Informative Priors for Effect Sizes in Bayesian Regressions

Informative Priors for Effect Sizes in Bayesian Regressions

Principal speaker

Associate Professor Sama Low-Choy

Many data analytic procedures, for instance from classical (Frequentist) statistics or machine learning, are built around analysis of a single dataset. However, in some situations you may wish to incorporate other information. The Bayesian statistical framework is set up to explicitly incorporate information from previous studies, allowing you to accumulate knowledge. If your work is pioneering, you may have very little data; your best source of information could simply be the opinions of experts in the field. Alternatively, you may have collected a small amount of high quality data and wish to see how this builds on a previous large body of work. In either case, information about plausible effect sizes can be obtained a priori (i.e. before the data is analysed), and then used to construct what is called a prior model. Bayesian statistical modelling provides a natural framework to update your prior understandings of the problem (expressed in the prior model) with new empirical data to obtain what is called a posterior model. In this way Bayesian statistics focuses what we have learnt from the data, rather than focussing on "significance", whose limitations have recently been making headlines, at least in the academic arena.

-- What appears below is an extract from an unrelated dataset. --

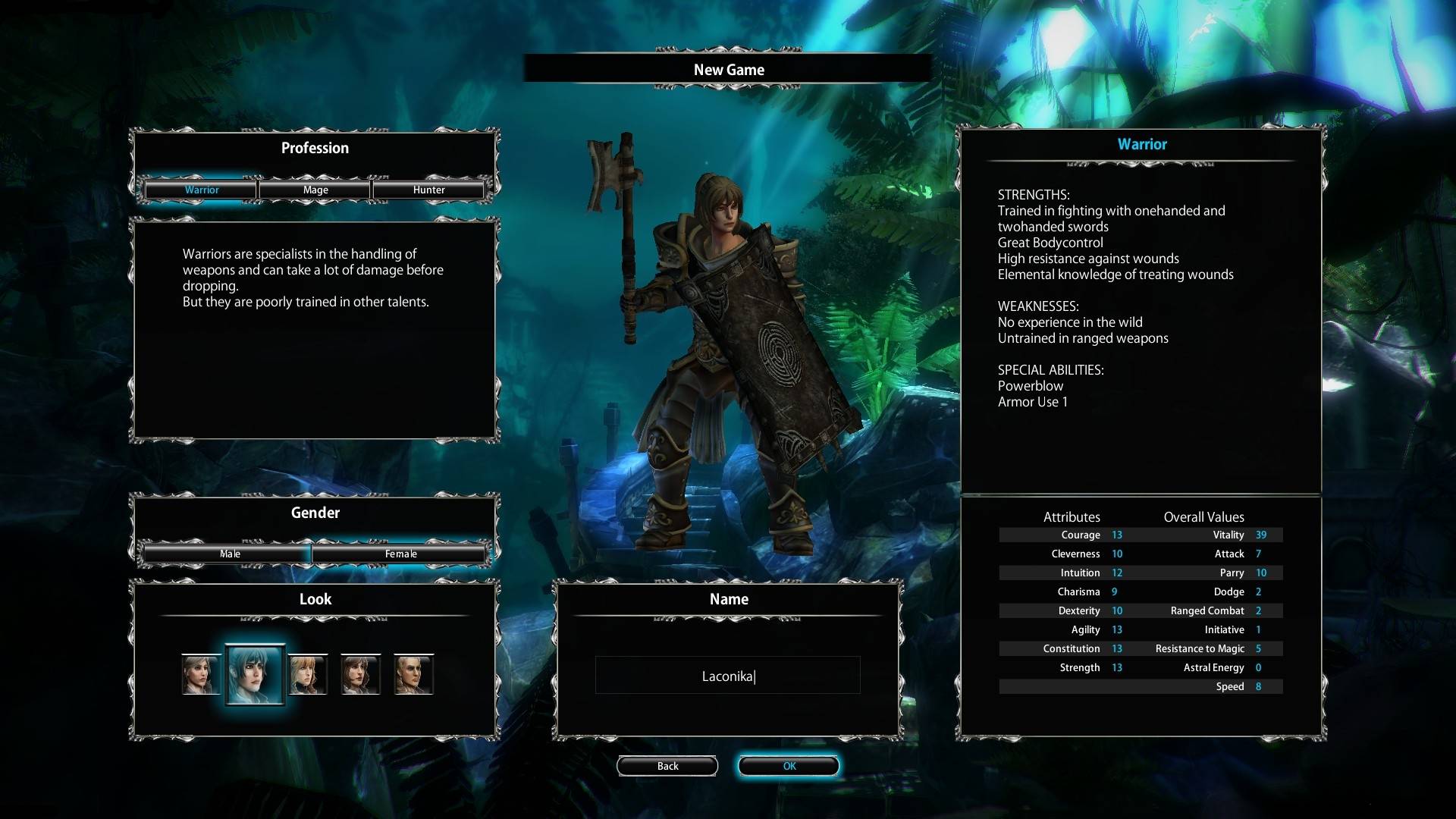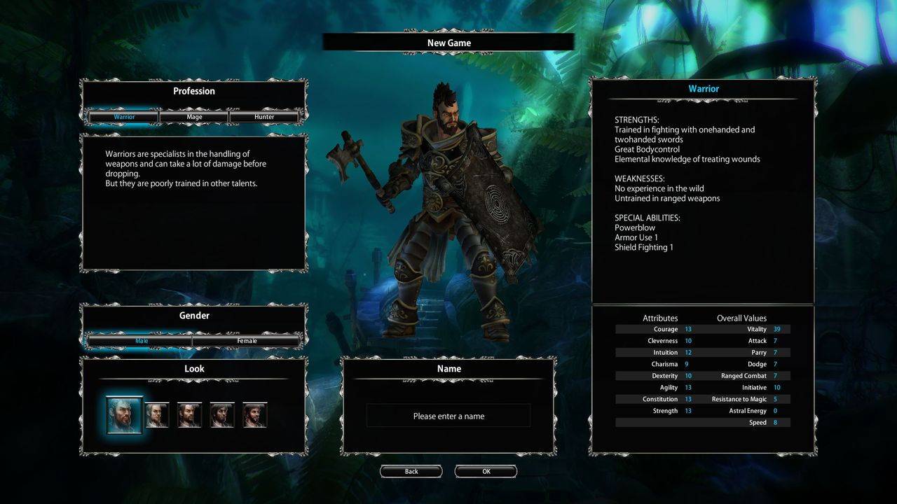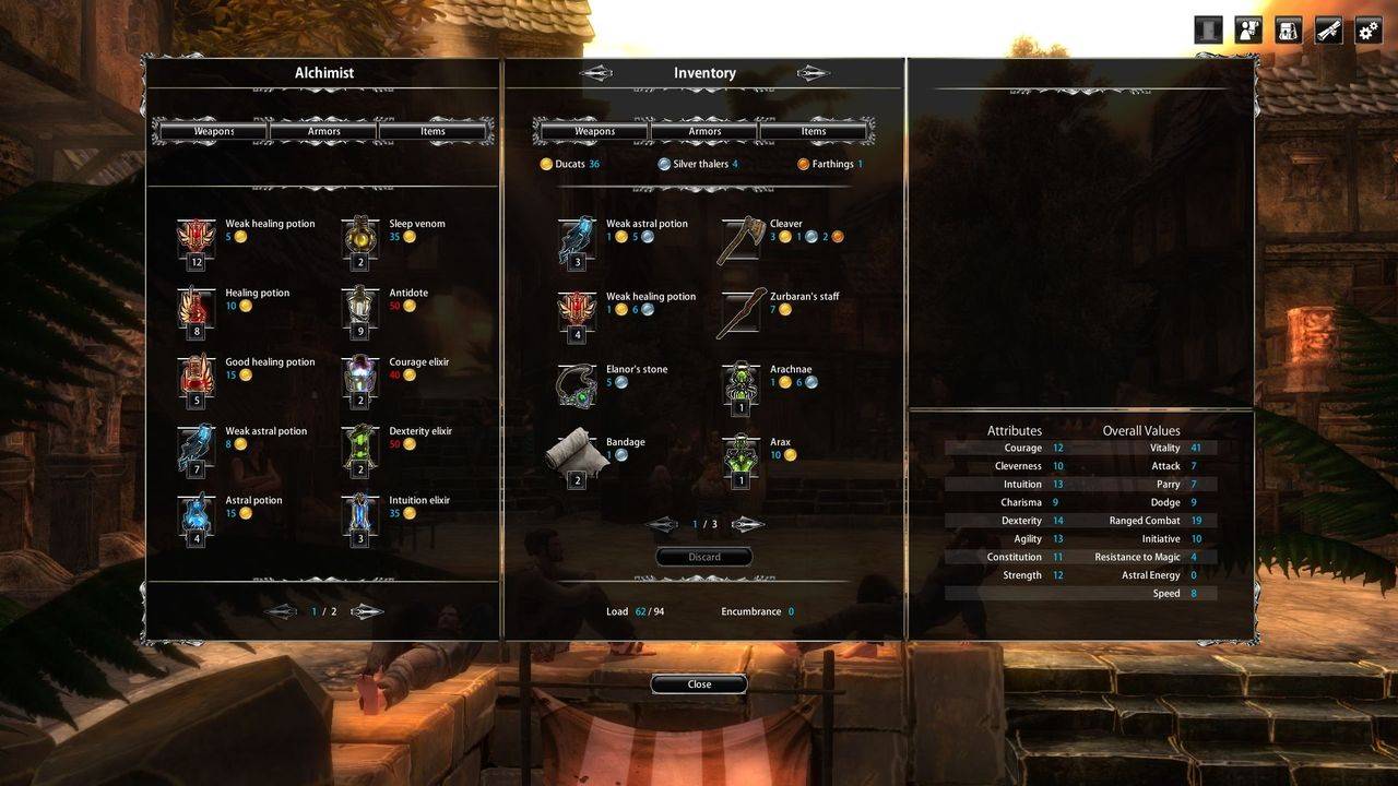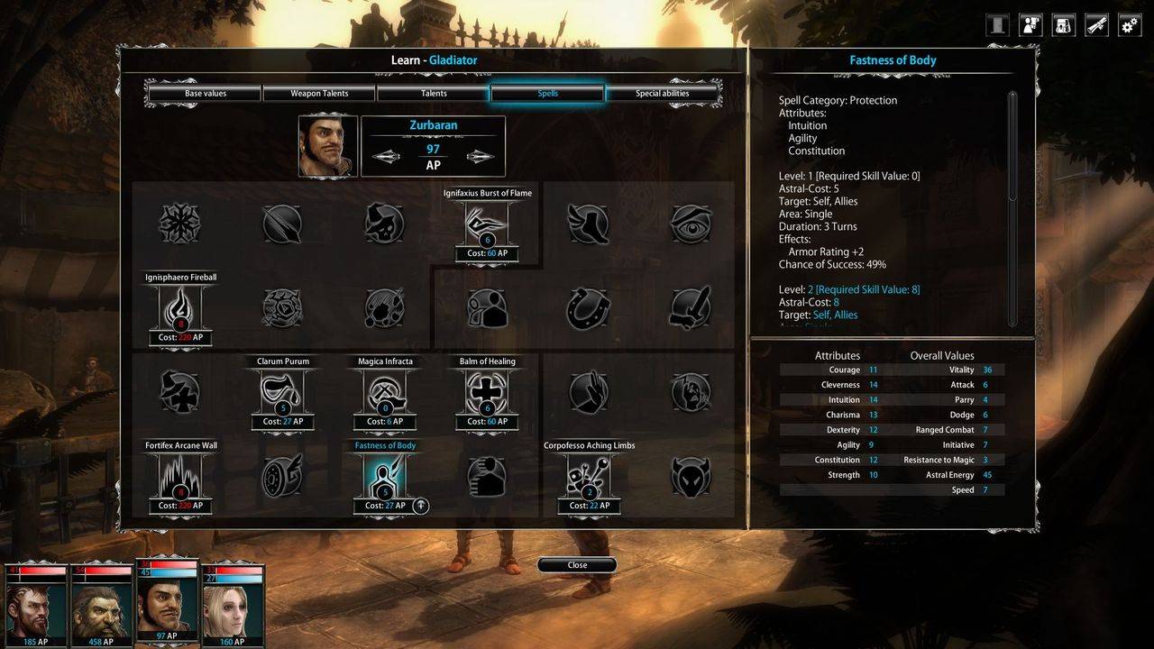 Blackguards, c'est avant tout l'Œil Noir, jeu de rôle allemand dont la première édition remonte à 1984. Bien que très semblable à ses homologues médiévaux fantastiques au premier abord (comme Donjons & Dragons), l'univers du jeu se veut plus réaliste et plus approfondi, notamment dans la description des mœurs, des religions et des sociétés qui composent ce monde. Il privilégie aussi le réalisme des actions plutôt que l'héroïsme, ce qui est très intéressant pour un jeu de table mais qui, dans le cas d'un jeu vidéo, peut rapidement devenir une plaie dans le pied (pour rester poli). Un livre interactif Le jeu débute par une mystérieuse vidéo dont on ne comprend pas grand chose, puis la découverte du cadavre de votre amie, une certaine princesse dont vous aviez la garde, et puis un combat. Cette première bataille a pour but de vous familiariser rapidement avec le système tactique au tour par tour du jeu. Bien que ce combat ne soit pas difficile, il se termine en drame, par une accusation de meurtre (dont vous n'êtes pas trop certain d'y être impliqué ou non) qui vous envoie directement en prison. C'est un peu brutal comme introduction, mais cela donne tout de suite un aperçu de l'univers impitoyable que vous allez être amenés à explorer... Vous voilà donc au fin fond d'un cachot humide, attendant votre exécution. Mais heureusement, un nain - au passé un peu louche - qui passait par là vous porte secours. Voilà votre premier compagnon d'aventure. Très vite, un magicien aux vilaines tendances de Don Juan se joindra à vous, lui aussi enfermé pour des raisons obscures (mais pas forcément injustifiées...). Et plus tard, ce sera au tour d'une elfe droguée (mais heureusement elle sait aussi manier un arc) et d'une sorte de guerrier maori de compléter vos rangs. En dehors de votre propre personnage, vous n'aurez donc aucune liberté pour constituer votre équipe. Justement, venons-en au déroulement de l'aventure. Autant le dire tout de suite : il est purement et simplement linéaire. Il n'y a aucun concept d'exploration ou de liberté. Vous devrez vous contenter de suivre les scènes les unes après les autres, à l'exception près de quelques quêtes secondaires qui consisteront généralement en un ou plusieurs combats en parallèle de l'aventure principale. Les déplacements sur la carte du monde se résument à cliquer sur les lieux accessibles pour s'y rendre. Le rythme n'est pas terrible, dans le sens où la mise en scène est plate et ne dégage (généralement) pas beaucoup d'émotion. Néanmoins, il faut plutôt aborder le jeu comme un livre, dont on tourne les pages peu à peu pour en découvrir la profondeur, et qui nous laisse parfois interagir par l'intermédiaire de combats ou de dialogues à choix multiples. En résumé : Une évolution des personnages riche mais complexe Comme déjà évoqué précédemment, vous ne pourrez réellement créer qu'un seul personnage de votre équipe. En revanche, une fois votre groupe formé, vous pourrez faire évoluer chaque combattant comme vous le souhaitez. Commençons par la création de votre avatar. Au niveau physique, le choix sera assez limité, mais suffisant pour fournir un personnage à votre goût. C'est plutôt au niveau des aptitudes que cela devient intéressant. Le système est assez complexe, et propose pour les néophytes une répartition automatique des points de compétences. Si vous n'êtes pas habitué aux règles de l'Œil Noir, cette option est sans doute la plus prudente. Car un personnage raté peut se révéler totalement inefficace en combat, et vous amener à un abandon précoce du jeu... Pour les autres, le mode "expert" vous donne le contrôle total de la répartition des points. - Attributs : il y a 8 attributs en tout (Courage, Intelligence, Intuition, Charisme, Dextérité, Agilité, Constitution et Force), influençant chacun une ou plusieurs statistiques de base du héros (sa vitalité, sa capacité à se battre, sa résistance à la magie...). De même, les Attributs auront un impact sur les capacités de combat ou les sorts. Il est également possible d'augmenter directement 3 statistiques principales : Vitalité, Énergie Astrale (l'équivalent des MP), et Résistance à la Magie. - Maniement des armes : chaque type d'arme doit être appris pour avoir une chance d'être manié. Il y a 11 catégories, allant de la dague à l'arc, en passant par l'épée, la hache, l’arbalète et une multitude d'autres. Votre niveau de maniement influencera surtout le taux de réussite des attaques, les dégâts étant eux définis par l'arme utilisée (et parfois aussi par vos Attributs de base). Une caractéristique du jeu est aussi de devoir définir, pour chaque type d'arme, un balancement entre Parade ou Attaque. Ainsi, pour un niveau 10 dans une arme, vous pouvez choisir d'équilibrer son efficacité entre parade et attaque (5/5), ou au contraire de privilégier l'attaque (2/8 par exemple), et inversement. Cet aspect vous permettra de peaufiner vos tactiques de combat, et il peut être changé n'importe quand à travers le menu principal, sans consommer de PA. - Compétences spéciales : elles confèrent divers avantages directs ou indirects pour le combat, les sorts... Au départ, vous pouvez choisir n'importe lesquelles, moyennant des PA bien entendu, et à condition d'avoir le niveau nécessaire dans certains Attributs. Plus tard dans le jeu, il vous faudra trouver des Instructeurs pour débloquer de nouvelles compétences spéciales. - Aptitudes : ces 9 capacités viennent enrichir les possibilités de gameplay, en conférant à chaque personnage certaines capacités, comme le Soin des blessures, la Détection des pièges, ou la Connaissance de la Faune. Ces aptitudes évoluent par palier. Le premier palier correspond au niveau 0 (c'est-à-dire lorsque vous activez la compétence), et les paliers suivants sont aux niveaux 8, 13 et 18. Lorsqu'une aptitude est activée pour

In this workshop, we revisit regression from a modelling perspective in a way that ensures you understand what the effect sizes mean, so that you are better positioned to identify and utilise relevant prior information and/or experts. We examine several ways of constructing prior models and show how these affect posterior models. The process of eliciting relevant knowledge from experts or prior studies, and then quantifying it (with uncertainty) in a way that fits into the regression model, requires a balance of skills.

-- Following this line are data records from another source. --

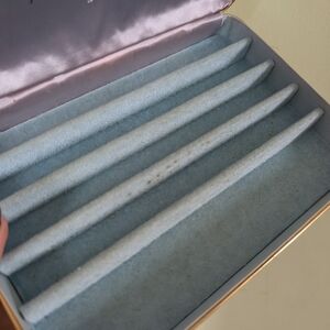 Stylish gray jewelry box with a lovely floral pattern. Ideal for organizing your jewelry. Brings a touch of elegance.
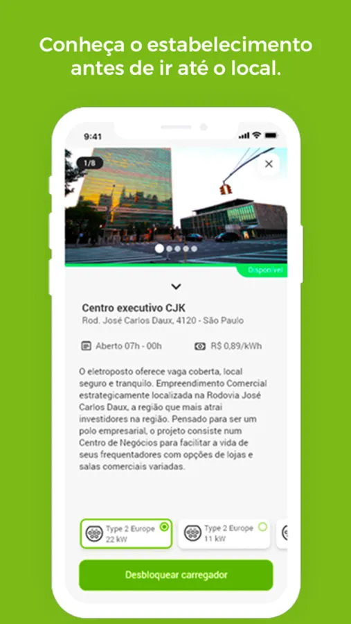 Otimize seu tempo: encontre um eletroposto, saiba seu estado de uso, desbloqueie o eletroposto e tenha controle sobre o andamento da sua recarga, tudo isto em tempo real e pelo aplicativo!
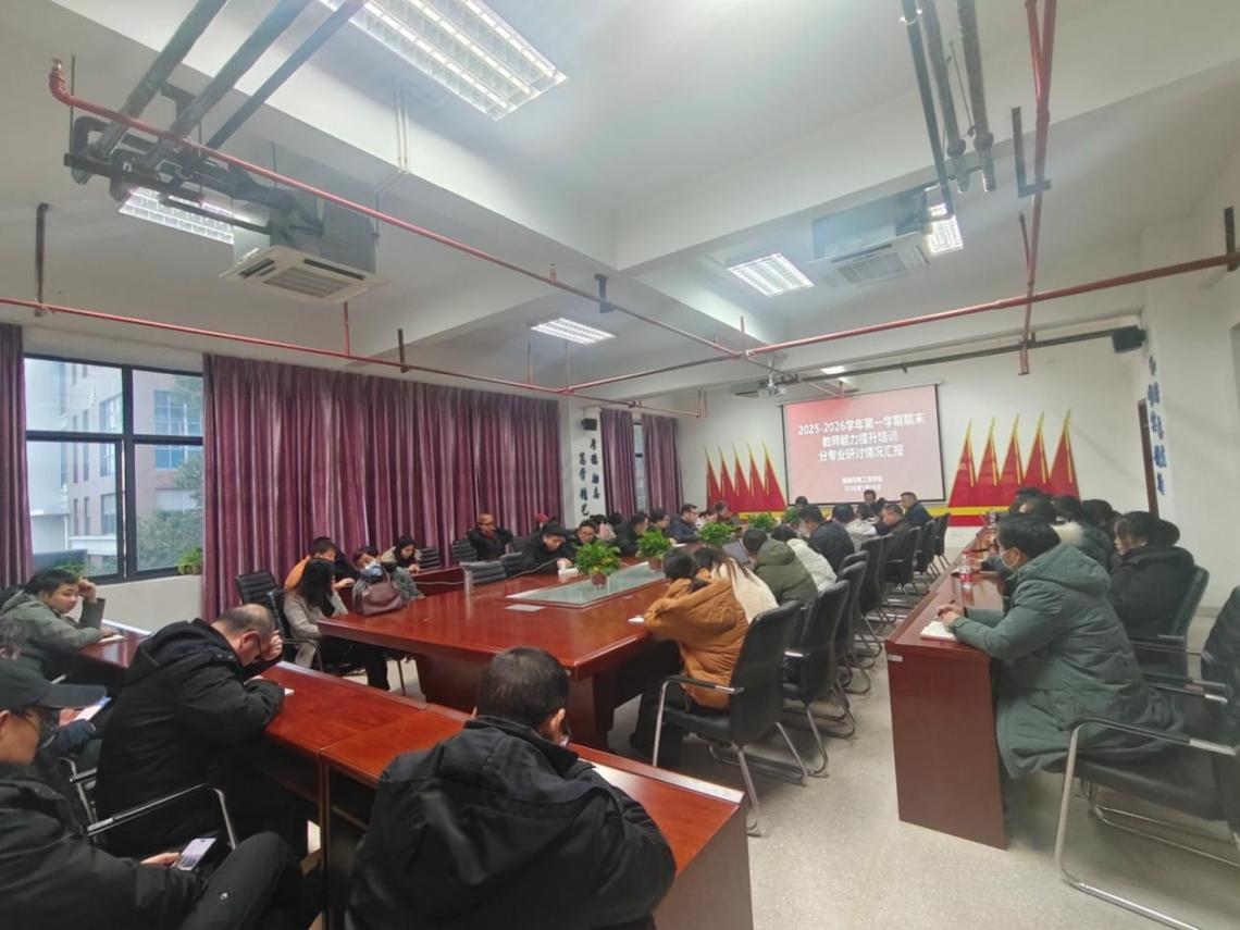 1月9日下午,基于学校2025-2026学年第一学期末教师能力提升培训的学习成果,智能控制工程学院在笃学楼207会议室开展了分专业研讨汇报活动,围绕职业本科创建和国家双高计划建设发展要求,从探索五金建设、数字化转型、产教融合、教学科研等方面展开。本次活动采用分专业研讨与集中汇报相结合的形式,由二级学院院长聂辉文主持、全体教职工参与,覆盖工业机器人技术、工业过程自动化技术等六大专业,同步开展实训室建设规划及辅导员工作交流,为新学期教育教学工作筑牢根基。
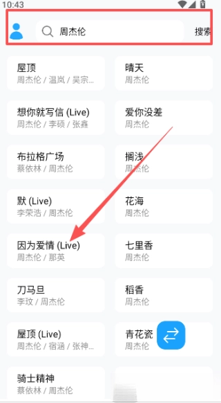 2.在搜索框中输入歌曲名称或歌手姓名,系统会自动匹配互联网上的相关资源。
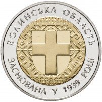 Купить Украина 5 гривен 2014 "75 лет образования Волынской области"
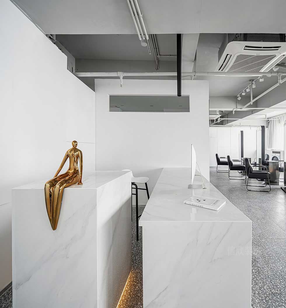前臺和內(nèi)部空間做了一個(gè)區(qū)分和間隔,增加一些背部的神秘感,和空間引入的一個(gè)效果,白色的前臺用立體效果的背景墻,白色大理石紋理和燈條的設(shè)置,簡單中卻不平庸,富有高雅的質(zhì)感。
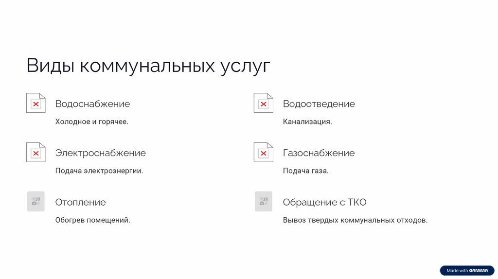 Холодная/горячая вода, электричество, отопление, газ, водоотведение.

Format: This workshop will be delivered in a more traditional fashion via Collaborate Ultra, as a series of mini-lectorials (a hybrid lecture/tutorial), with unsupervised breakout sessions for groups to discuss concepts at regular points.

Relationship to other RED workshops: This workshop complements other workshops delivered via RED. A workshop on Eliciting effect sizes from experts addresses how to design a semi-structured interview to elicit relevant information from experts (with uncertainty), express that into a prior model, and check its validity, before supplying it as input into a regression. Workshops on Interviewing Skills and Formulating Open-ended Questions for Interviews provide relevant background on conduct and questions of a semi-structured interview. Several workshops on model-based regression and Bayesian regression provide introductions to regression.

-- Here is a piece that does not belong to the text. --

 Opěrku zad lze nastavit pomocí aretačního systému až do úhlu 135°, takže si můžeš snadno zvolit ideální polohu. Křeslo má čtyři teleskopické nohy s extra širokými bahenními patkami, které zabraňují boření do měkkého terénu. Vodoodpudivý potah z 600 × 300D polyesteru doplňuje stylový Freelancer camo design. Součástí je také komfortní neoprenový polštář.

Recommended Readings: You may get more out of the session with a little prior reading to identify your "sticking points". For an introduction to the concepts of Bayesian inference, with priors, try: Van de Schoot, Rens, et al. "A gentle introduction to Bayesian analysis: Applications to developmental research." Child development, 85.3 (2014): 842-860.
This book chapter considers a wide range of priors, and gives several different examples: Low Choy, Samantha. "Priors: Silent or active partners of Bayesian inference?" Chapter 3 in Alston et al (eds) Case studies in Bayesian statistical modelling and analysis. John Wiley & Sons Ltd, 2013.